■ **WHAT YOU SHOULD DO**:
Starting at the line with "LSK for short." and stopping at the final line, retype the data below exactly; do not carry over any pictures.

■ **RECORDED DATA**:
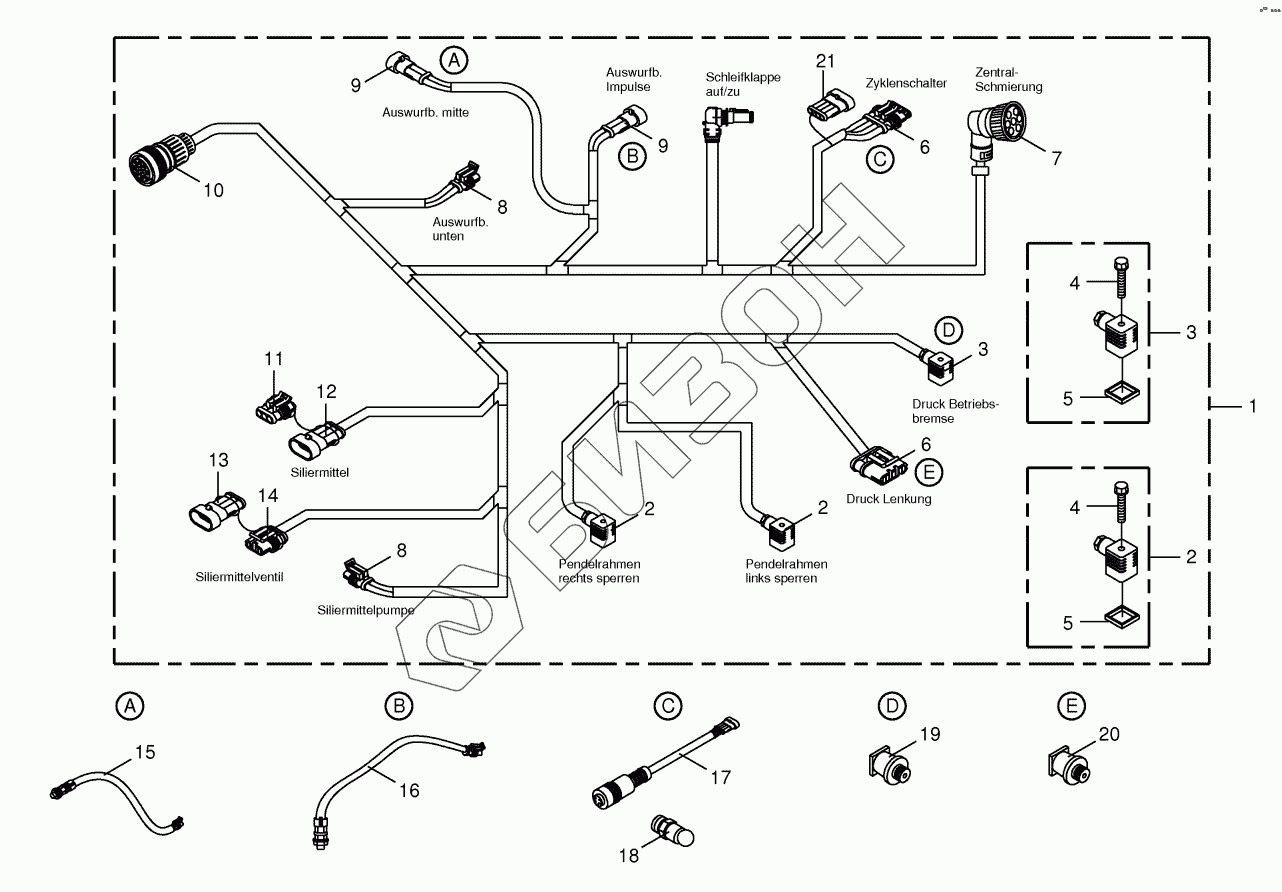 Графический каталог запасных частей к технике: KRONE BIG-X-600. Wiring harness-below the cabin
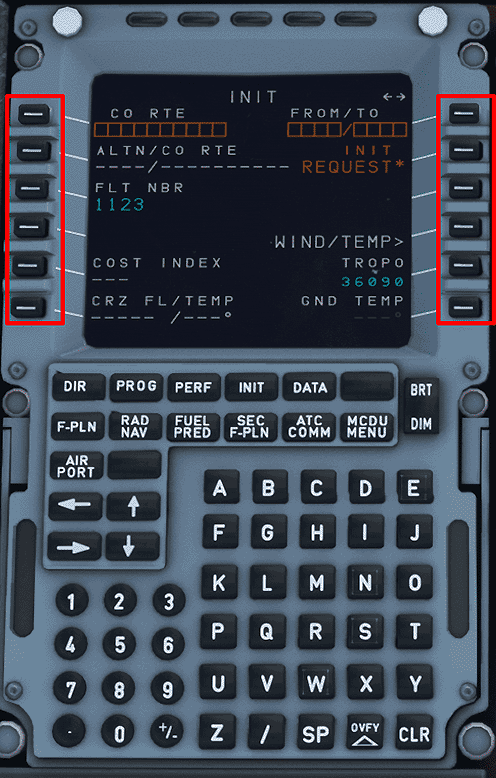 LSK for short. These keys are on the left and right-hand side of the MCDU screen. They are highlighted in the image below.
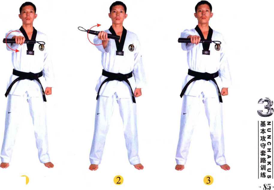 数,力尽而至,左右手练法相同。(1 ~3 ) 节,増强腕力。
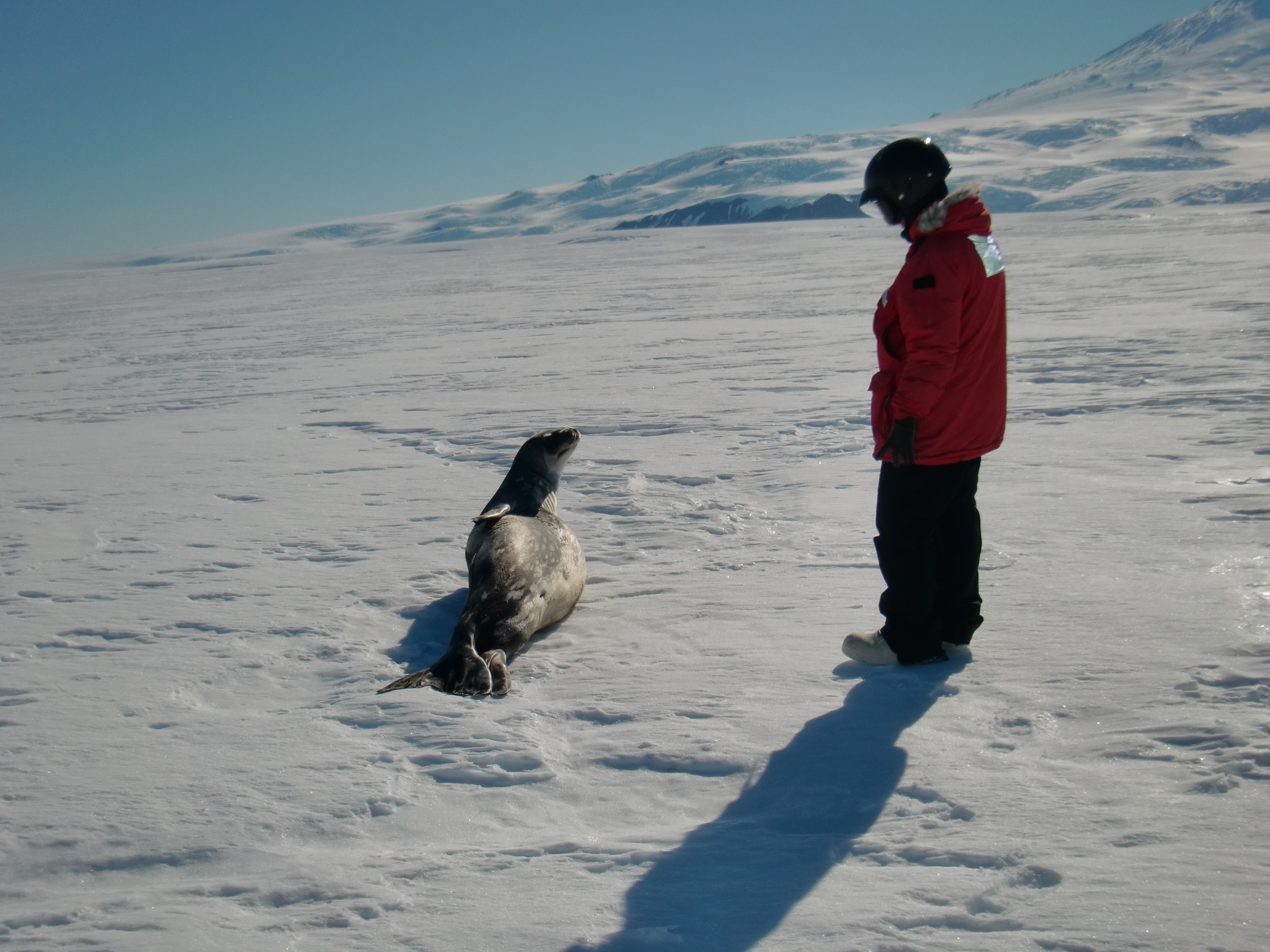 Graduate student Kim talks to the Weddell seal. The seal looks back at the scientist with apparent curiosity. Turtle Rock, Antarctica.

■ **RESPONSE FOR THIS EXERCISE**:
 LSK for short. These keys are on the left and right-hand side of the MCDU screen. They are highlighted in the image below.
 数,力尽而至,左右手练法相同。(1 ~3 ) 节,増强腕力。
 Graduate student Kim talks to the Weddell seal. The seal looks back at the scientist with apparent curiosity. Turtle Rock, Antarctica.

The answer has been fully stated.